The Collatz conjecture was proposed by Lothar Collatz in 1937. The conjecture is also known as the 3n + 1 conjecture.

The procedure is that if n is divisible by two then divide by two, else multiply by 3 and add 1, iterate until n reaches 1. The unproven conjecture is that for all values of n the procedure will always reach 1. The number of iterations until n reaches 1 is called the delay.

The benchmark times the iteration of the 2²⁶ first values of n. The point of this exercise is not to make the fastest possible Collatz iterator but to compare different compilers and hardware using the same algorithm. Using a more efficient algorithm will give much better results than using faster hardware or better compilers.

1 Visual C++
- 1.1 Vista 64, 2.4 GHz core 2 Q6600
- 1.2 Vista 32, 2.66 GHz core 2 E6750
2 Visual Basic 2008
- 2.1 Vista 64, 2.4 GHz core 2 Q6600
- 2.2 Vista 32, 2.66 GHz core 2 E6750
3 x86 assembly language
- 3.1 Vista 32, 2.66 GHz core 2 E6750
4 CUDA
- 4.1 GeForce 8800 GTS 512 MB (G92) 1.625 GHz
5 BSGP
- 5.1 GeForce 8800 GTS 512 MB (G92) 1.625 GHz
6 Conclusions
- 6.1 CPU performance
  - 6.1.1 Branch prediction and unrolling
- 6.2 GPU performance
7 External links

Visual C++

Both Microsoft Visual C++ and Intel C++ were tested and they gave similar results.

collatzVCPP.cpp

Vista 64, 2.4 GHz core 2 Q6600

22.1s - 64 bit exe, one thread, unrolled 1000 times
30.5s - 64 bit exe, one thread, unrolled 10 times
45.9s - 32 bit exe, one thread, unrolled 1000 times
49.2s - 64 bit exe, one thread, not unrolled
53.3s - 32 bit exe, one thread, unrolled 10 times
76.1s - 32 bit exe, one thread, not unrolled

Vista 32, 2.66 GHz core 2 E6750

41.3 - 32 bit exe, one thread, unrolled 1000 times
47.7 - 32 bit exe, one thread, unrolled 10 times
65.6 - 32 bit exe, one thread, not unrolled

Visual Basic 2008

The code is compiled to common intermediate language that is made executable by the .net just in time compiler. The advantage is that the JIT compiler can optimize the code for the specific CPU at runtime. In this case the slower CPU with 64 bit registers is the fastest because of the optimization. The code should also run unmodified on Linux with Mono installed.

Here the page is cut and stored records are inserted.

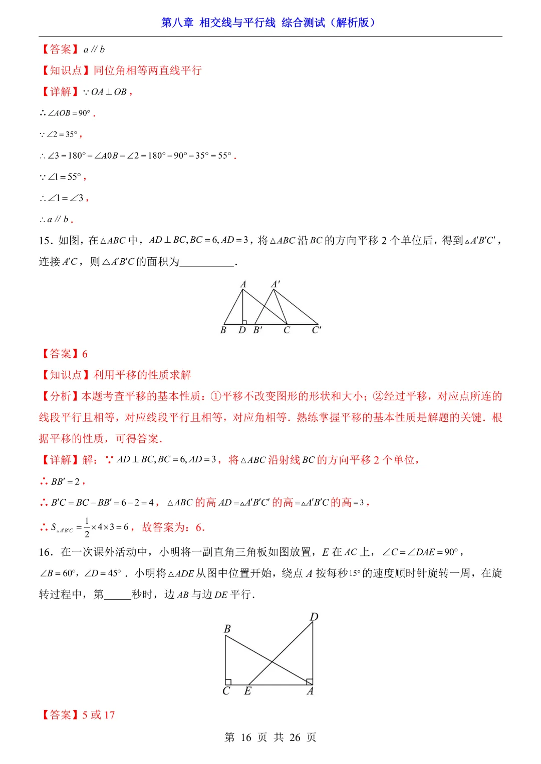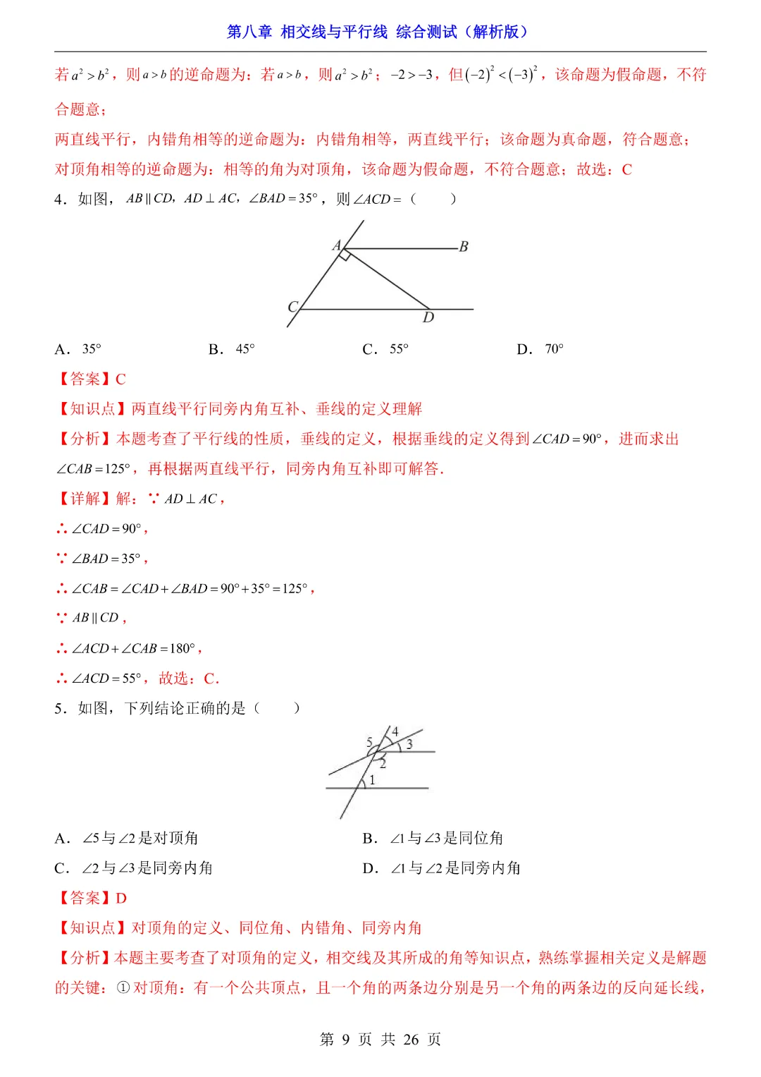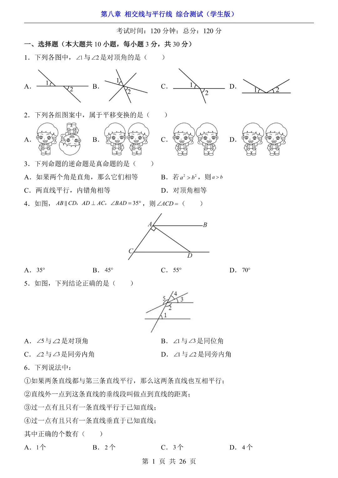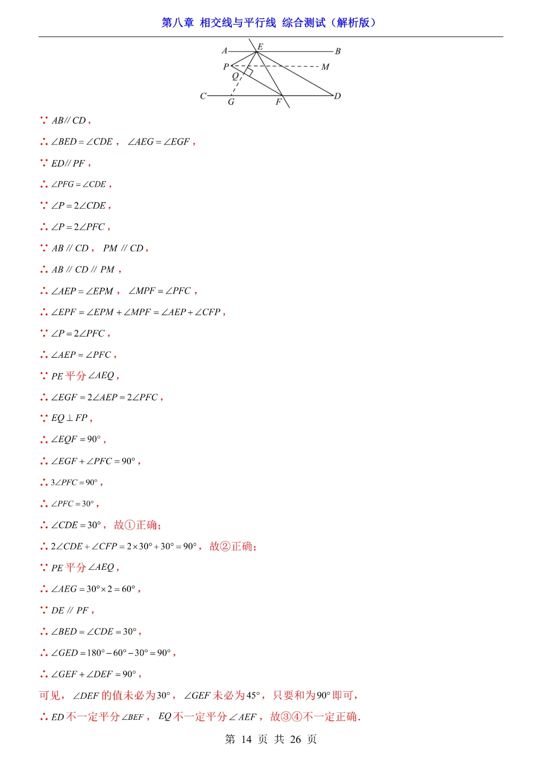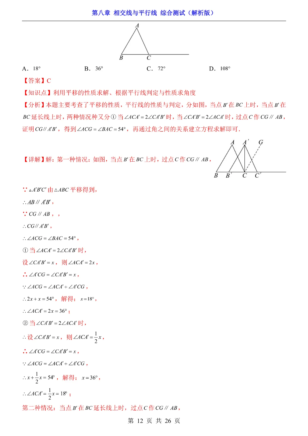 【七年级下册数学】【青岛版】初一下册数学第8章 相交线与平行线综合测试带答案丨完整电子版可打印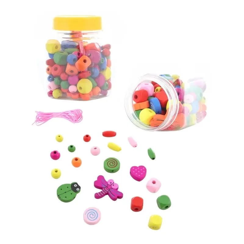 Balenie: drevené a farebné korálky, šnúrka na navliekanie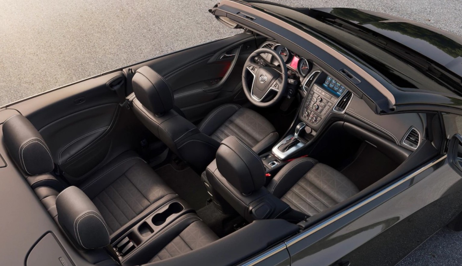 New multi-contour front buckets that provide ventilation and warmth as well as dynamically adjustable active side bolstering have been added to the seating. Although the rear seat capacity has been enhanced with deeper seat cushions and more legroom, it is still best suited for shorter journeys or fewer people. With the addition of an active noise cancellation system and laminated side glass, Buick’s QuietTuning technology is fully functional and produces a genuinely quiet interior even when the top is up.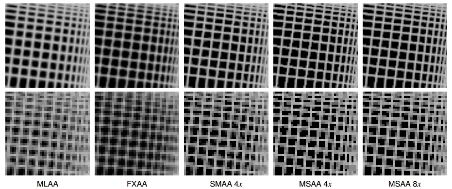 Existují i další metody anti-aliasingu. FXAA (fast approximate aa) funguje trošku jinak, je rychlejší a nevyžaduje tolik výpočetního výkonu. SSAA je prapůvodní přeškálování rastrového obrazu třeba na dvojnásobné rozlišení a vracení ho zpět na rozlišení tvého monitoru. Toto je výpočetně nejnáročnější řešení a v praxi takřka nepoužívané. Další metody, jako TXAA (jen nVidia) či SMAA jsou jen dalšími algoritmy, které řeší jak kvalitu výsledného obrazu, tak výpočetní náročnost.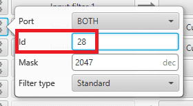 Configure the mailbox to receive a message with the appropiate ID (in this example ID 28 has been configured):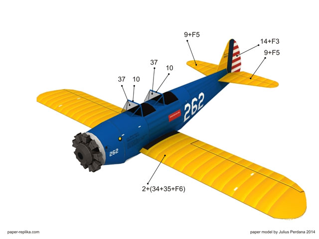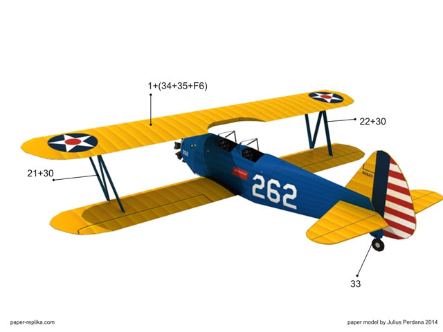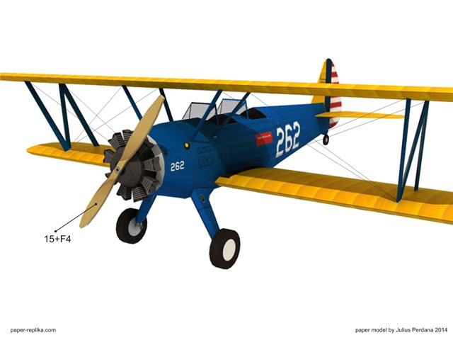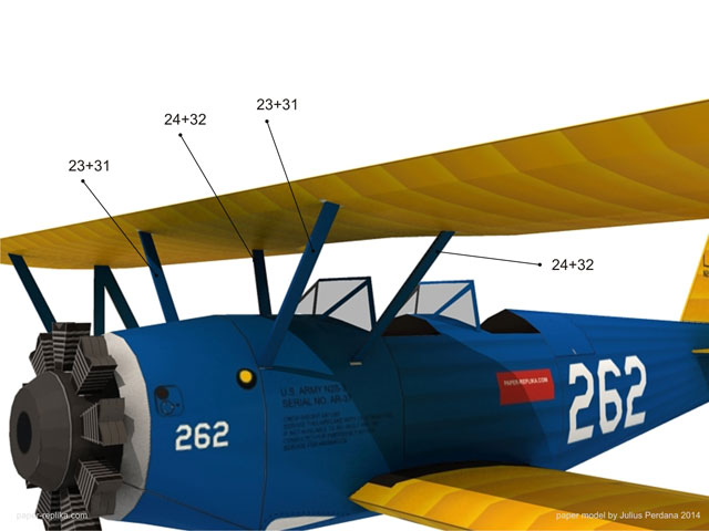 This is a model of Boeing PT-17 Stearman, from WWII era. A biplane from 40s, it was used as a trainer plane for many US fighter pilot. Now the plane use for acrobatic shows, private owned or even for crop dusting. I always combine many my hobbies into one if possible. As you may have know on my Facebook I've been busy experimenting with my new hobby, scratch building an RC plane using foam. The design method for foam aircraft model is pretty similar to paper model template version, but it's already simplified even more. I re-use the 3D model for making paper model template. The scale is 1:40 the same scale as the existing Wilga model. The template use formers and inner glue tabs, so you need to provide 2 kind of paper. You will need cardboard for its formers/ frames and 100 gram paper for the skins.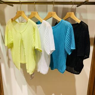 シアー感のある素材で、肘が出るハーフスリーブのカーディガンなので、夏に涼しく着用できます。ぽこぽこ素材でトレンド感があり、1枚で着映えします!
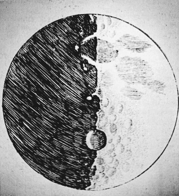 Fig. 12.1. Galileo’s Starry Messenger. In his famous pamphlet published in 1610, Galileo depicted the results of the observations he made with the telescope. He showed, contrary to accepted dogma, that the moon was not perfectly smooth and had mountains.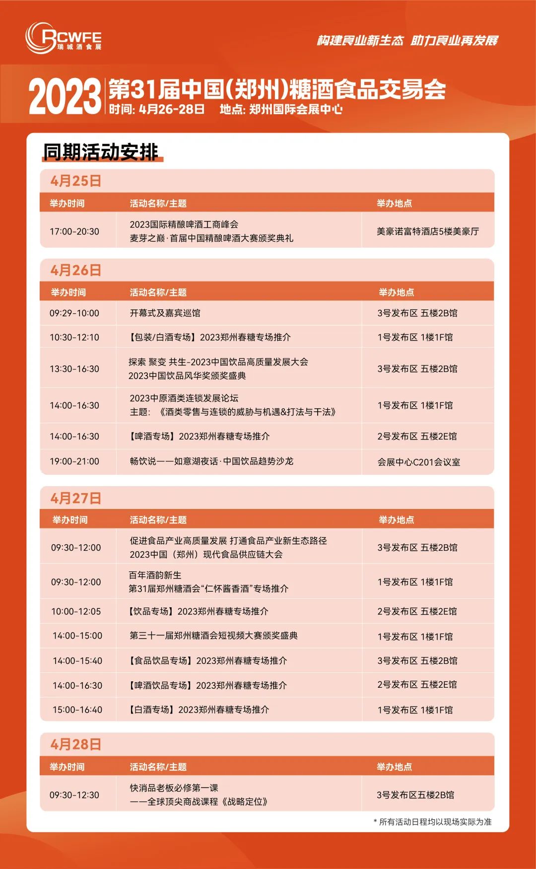 第31届郑州糖酒会4月26日开幕 【同期活动日程表】出炉!

The multithreaded version uses Microsoft Parallel Extensions to .NET Framework 3.5 and required almost no change to the program.

collatzVB.vb

Vista 64, 2.4 GHz core 2 Q6600

55.4s - .net exe, one thread
11.3s - .net exe, four threads, unrolled 100 times

Vista 32, 2.66 GHz core 2 E6750

66.4s - .net exe, one thread
42.9s - .net exe, one thread, unrolled 100 times
33.6s - .net exe, two threads
22.9s - .net exe, two threads, unrolled 100 times

x86 assembly language

Because of the suspected low quality of 32 bit code generated by modern C++ compilers a hand crafted assembly version was made for comparison. The performance gain was made by keeping the value in a 64 bit MMX register and exploiting some statistical properties of the algorithm that is not obvious to a normal compiler.

collatz_ASM.txt

Vista 32, 2.66 GHz core 2 E6750

38.5s - optimized, not unrolled
29.1s - optimized, unrolled 10 times
24.5s - optimized, unrolled 1000 times

CUDA

To check the quality of the compiler a handcrafted version was made in PTX assembly, it produced similar results.

GeForce 8800 GTS 512 MB (G92) 1.625 GHz

2.07s - 128 blocks x 256 threads

BSGP

The Bulk-Synchronous GPU Programming compiler is highly advanced and is capable of impressive results but the documentation is severely lacking and the future of the compiler seems unclear. Because of the lack of documentation the program will not display all delay records but it still calculates them.

collatz_BSGP.i

GeForce 8800 GTS 512 MB (G92) 1.625 GHz

2.04s - 32768 threads

Conclusions

CPU performance

The difference between the slowest and the fastest CPU program was more than 340%. It was very difficult to understand what caused the difference and how to get the best result. Unrolling a loop 1000 times to reach maximum performance is counter intuitive and disruptive. The hand crafted assembly version showed that the compilers did not make optimal code for 32 bit CPUs. Creating an optimal assembly program requires detailed knowledge of the inner workings of the CPU and is extremely time consuming since the optimizing reference manual is more than 500 pages long and many of the "rules" described there are in conflict with each other.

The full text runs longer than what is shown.